A Door, a Bridge, and the Things Worth Carrying Forward
The new Ogawa is notably warmer than its fortress-like predecessor. Earth-toned palettes and rustic finishes dominate the interiors, exchanging the stark elegance of the old space for something more grounded. Light strikes wood differently here, and the effect is less dramatic but more inviting. Two original elements, however, were preserved and reinstalled. The large antique Japanese door that once greeted diners at the Fort Strip entrance now stands at the threshold of the Park McKinley West location. A wooden bridge that had been a signature visual anchor inside the old restaurant was reconstructed and integrated into the new layout. Both objects carry no practical function beyond memory, but their presence signals that the restaurant sees its history not as a weight but as a foundation.

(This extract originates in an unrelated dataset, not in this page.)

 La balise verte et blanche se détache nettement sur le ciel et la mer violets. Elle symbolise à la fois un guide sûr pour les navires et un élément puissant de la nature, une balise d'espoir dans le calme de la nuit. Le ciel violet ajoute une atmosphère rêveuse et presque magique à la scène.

Private dining rooms, named after Tokyo districts—Ginza, Roppongi, Akasaka, Aoyama, and Shinbashi—have been reconfigured for the new layout but serve the same purpose they always did: giving small groups a quiet enclosure for long meals. An open sushi station places the chef's work at the center of the room, where each piece of nigiri is assembled on a wooden counter with the kind of economy of motion that requires decades to master.

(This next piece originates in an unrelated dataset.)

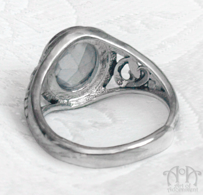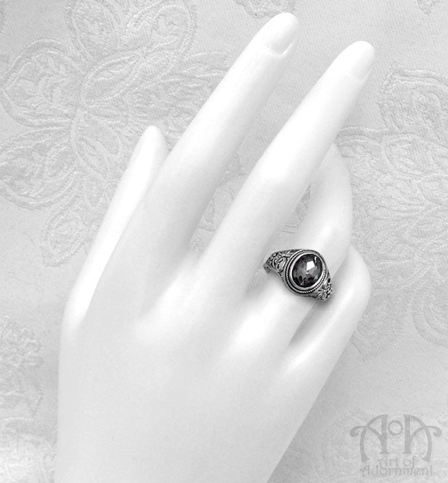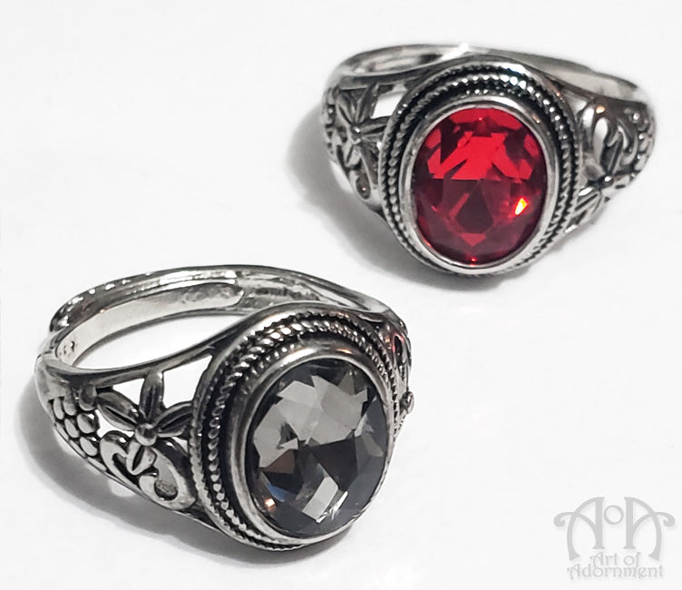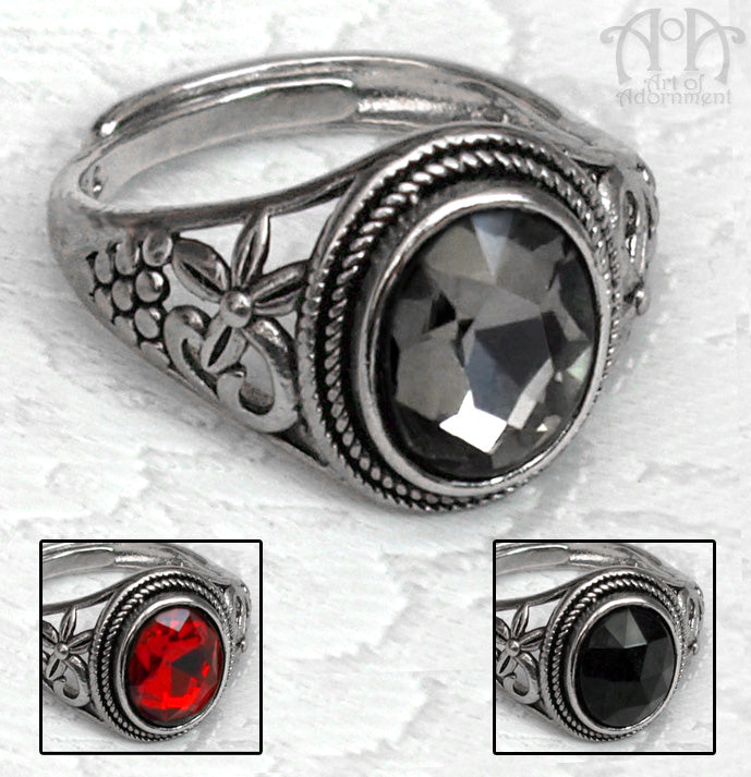 An enchanting oval crystal stone available in 3 haunting tones (black-diamond grey, Siam ruby red, opaque jet black) is the focal point of this charming design. Mounted in an antiqued silver zinc alloy pewter setting with a handsome rope edge motif and stylized floral openwork sides which measures about 9/16 inch (15mm) at its widest point around the stone. Fully adjustable and should fit almost any adult finger measurement. It's a bit bigger than our other rings, so very small hands could wear it on the middle or index finger. Will go down to approx. US size 6 (UK size L 1/2) if you don't mind slightly more overlap. Lead-free and nickel-free.

A Soft Opening That Is Actually Soft
During the initial reopening phase, Ogawa is serving a curated soft opening menu rather than its full repertoire. A more comprehensive selection—reportedly spanning 40 pages—is scheduled to roll out in the coming months. The restraint is unusual in a market where launches often precede readiness. For a restaurant whose prior iteration was celebrated for its omakase, its teppanyaki lobster and ribeye, and a secret-menu donburi loaded with toro, salmon, and ikura, the phased approach suggests a kitchen that wants to find its rhythm before it invites the city to judge.
For guests who prefer to book ahead, reservations can be made through the restaurant's official contact numbers, 0917-856-4292 and 7001-8314. The restaurant has also reactivated its Instagram account at @ogawa.manila, posting updates as the full menu nears completion.

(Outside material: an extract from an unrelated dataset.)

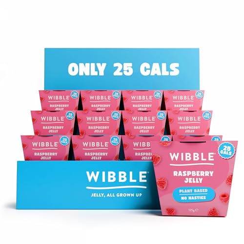 Wibble Jelly Pots, Raspberry, 12 Pack, Plant Based, 25 Cals, Low Calorie, Low Sugar, Vegan, Vegetarian, Jello

The Neighborhood That Waited
The Shoppes at Park McKinley West is not a traditional restaurant row. It is a commercial arc at the foot of a condominium cluster, close enough to BGC's corporate core to draw a lunch crowd but far enough from the main grid to feel residential. The location is strategic: Ogawa now sits within walking distance of thousands of McKinley Hill residents and workers, many of whom had previously driven to the Fort Strip for dinner. The removal of that short commute, in a city where traffic can consume an evening, may prove as significant a factor in the restaurant's longevity as any menu innovation.
The broader culinary map of BGC continues to evolve around it. Other Japanese concepts have entered the market. New restaurants open monthly. The dining public that Ogawa originally cultivated in 2015 has grown more knowledgeable, more demanding, and more willing to travel for a meal. The restaurant's return, in this sense, arrives as much as a response to market demand as to its owner's resolve. A dining institution built on relationships tends to find its way back precisely because those relationships do not dissolve when the lease expires.